Can We Count On House Republican Women to Help Pass the Violence Against Women Act?

Illustration for article titled Can We Count On House Republican Women to Help Pass the Violence Against Women Act?

In case you needed another reason to feel disillusioned today, we live in a country where politicians are having a hard time passing the Violence Against Women Act because, this year, it strives to protect too many vulnerable women. Ah, America.

Some background: the Violence Against Women Act (VAWA) never used to be partisan — it was annually reauthorized for 18 years until it expired in September 2011. Why? Because new protections were added into the Senate bill for undocumented immigrants, members of the LGBT community, and Native American women. That simply would not do for the House Republicans, who said the additions were "political" and passed their own bill without them. (Who reeeally cares about women from other countries — or, alternately, women whose families have lived in this country for centuries — who aren't straight?
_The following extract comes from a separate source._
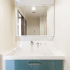 リビング横にあった和室を撤去し、リビングダイニングを広げ15畳超えの広々リビングの2LDKの間取りへ変更。内装は各部屋にホワイトアイボリーを基調としたグレイッシュなフローリングを貼り、設備もブラウンやグレーをセレクトするなど大人の品格がうかがえる、モダンかつシックな仕上がりのお住まいとなりました。

Silly Democrats!)

Since then, Republicans and Democrats have been unable to agree on the types of women who deserve government-sponsored protection. Only two of the 25 House Republican women said the House VAWA bill wasn't enough: Reps. Judy Biggert (Ill.) and Ileana Ros-Lehtinen (Fla.). But now, both Republicans and Democrats are trying to convince the GOP's women to take action regarding VAWA. Today, all 12 Senate Democratic women signed a letter to all 25 House Republican women asking them to come together and support the Senate-passed VAWA bill before the end of the year. It reads:

"As mothers, daughters, grandmothers, and women intent on protecting the inclusive and bipartisan history of the Violence Against Women Act (VAWA), we are reaching out to you to ask for your help… In 2013 and beyond, the women of the House and Senate are primed to play an even larger role in guiding national policy and we should do so by working across party lines. Let's not wait any longer to take a critical step forward. We urge you join us by working with your party leaders to put women's safety first. Saving the lives of women is and should be above politics, and every one of us without regard to party should cast a vote for the safety of all women."


Some GOP women told the Huffington Post that they were open to changing their minds, including Rep. Jo Ann Emerson (R-Mo.), who said it would be "inexcusable" if they didn't pass VAWA this year and that she thought "we should be very open-minded about the Senate provisions."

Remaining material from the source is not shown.